To our knowledge, few studies have reported clinical differences in infectious keratitis according to the potency of the topical steroid used. Of total groups, the strong steroid group was one of the significant risk factors for surgical intervention. No significant difference between the strong and weak steroid groups, except for delayed hospital visit and delayed epithelial healing time, was observed. These slight differences may be related to the stronger anti-inflammatory actions of steroids with greater potency. However, there are some limitations in interpreting the results according to the potency of steroids because the daily doses of all the steroids used in this study could not be investigated.
Topical steroids reduce inflammation in many ocular diseases. In the case of infectious keratitis, the use of topical steroids is contraindicated in fungal and acanthamoeba keratitis5,19,41. For bacterial keratitis, there have been discussions and literature reports on the therapeutic effect of topical steroids as adjuvants7,42. In clinical practice, determining the cause of infection until culture results are obtained is not always possible, and topical steroids can cause and exacerbate infections. Therefore, the perspective of this study, which focused on the disadvantages rather than the advantages of topical steroids, remains important for physicians.

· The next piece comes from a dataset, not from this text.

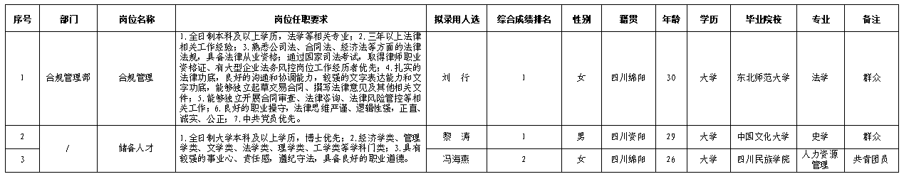 根據(jù)綿陽燃?xì)饧瘓F(tuán)有限公司發(fā)布的招聘公告及招聘相關(guān)規(guī)定,經(jīng)筆試、面試、考察、體檢等程序,擬錄用以下三名同志,現(xiàn)予以公示,具體情況如下:

This study had several limitations. First, this was a retrospective study of patients at a single tertiary referral hospital in South Korea. In addition, the difference in the ratio of the PS and NPS groups was not adjusted through a case–control match because the purpose of study was to present all consecutive data during the study period. Second, as this study analyzed only inpatients, it included patients with relatively more severe symptoms and signs. Therefore, the results of this study cannot be generalized to other population groups. Third, a detailed analysis according to various previous OSD etiologies could not be performed because of the smaller number of patients in each group and individual differences. Despite these limitations, this study highlights the risk of corneal infection exacerbation and the side effects of prior topical steroid use in clinical practice. In the future, a multicenter study can be considered to obtain more reliable results using a case–control matching method in larger dataset.

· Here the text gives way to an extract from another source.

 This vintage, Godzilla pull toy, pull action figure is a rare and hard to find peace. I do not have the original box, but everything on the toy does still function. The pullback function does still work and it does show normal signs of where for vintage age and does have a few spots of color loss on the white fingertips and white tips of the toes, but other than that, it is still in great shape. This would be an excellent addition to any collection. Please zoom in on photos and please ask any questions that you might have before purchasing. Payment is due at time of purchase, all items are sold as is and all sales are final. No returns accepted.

In this study, no significant difference in the distribution of causative isolates between the PS and NPS groups was observed. The PS group had a higher proportion of patients with previous OSD, worse initial clinical characteristics, a longer epithelial healing time, and more surgical treatments than the NPS group. Considering that topical corticosteroid used can be controlled by a physician, close monitoring with frequent regular follow-ups is necessary when administering topical steroid therapy for ocular surface diseases.